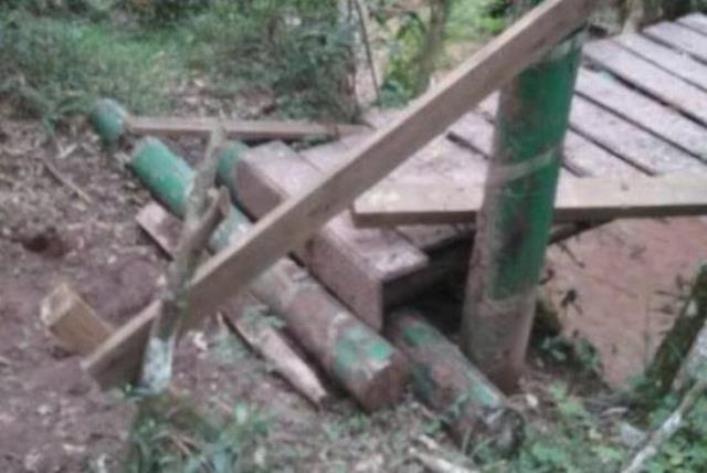 Até mesmo os pequenos pontilhões foram danificados, e a trilha completamente destruída, sem falar de outras atrocidades como dejetos fecais e papel higiênico espalhado. Parece que os tais vândalos já tem a devida identificação.
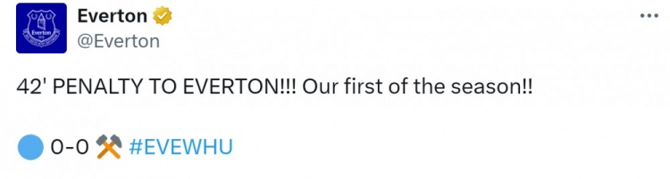 比赛第42分钟,埃弗顿获得点球,埃弗顿官方社媒也兴奋地发动态,写道:埃弗顿的点球!!!我们本赛季第一个!!
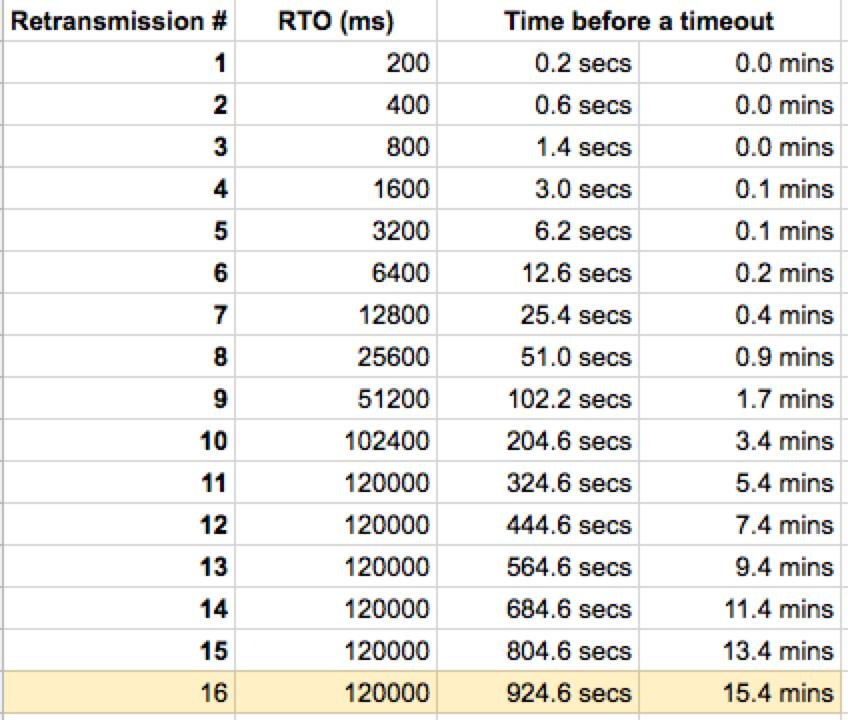 - 如果 RTT 比较小,那么 RTO 初始值就约等于下限 200ms,也就是第一轮的超时时间是 200 毫秒,由于 timeout 总时长是 924600 ms,表现出来的现象刚好就是重传了 15 次,超过了 timeout 值,从而断开 TCP 连接

→ Task statement:
All of the lines above should be retyped precisely, apart from the pictures.

→ Answer for this exercise:
 Até mesmo os pequenos pontilhões foram danificados, e a trilha completamente destruída, sem falar de outras atrocidades como dejetos fecais e papel higiênico espalhado. Parece que os tais vândalos já tem a devida identificação.
 比赛第42分钟,埃弗顿获得点球,埃弗顿官方社媒也兴奋地发动态,写道:埃弗顿的点球!!!我们本赛季第一个!!
 - 如果 RTT 比较小,那么 RTO 初始值就约等于下限 200ms,也就是第一轮的超时时间是 200 毫秒,由于 timeout 总时长是 924600 ms,表现出来的现象刚好就是重传了 15 次,超过了 timeout 值,从而断开 TCP 连接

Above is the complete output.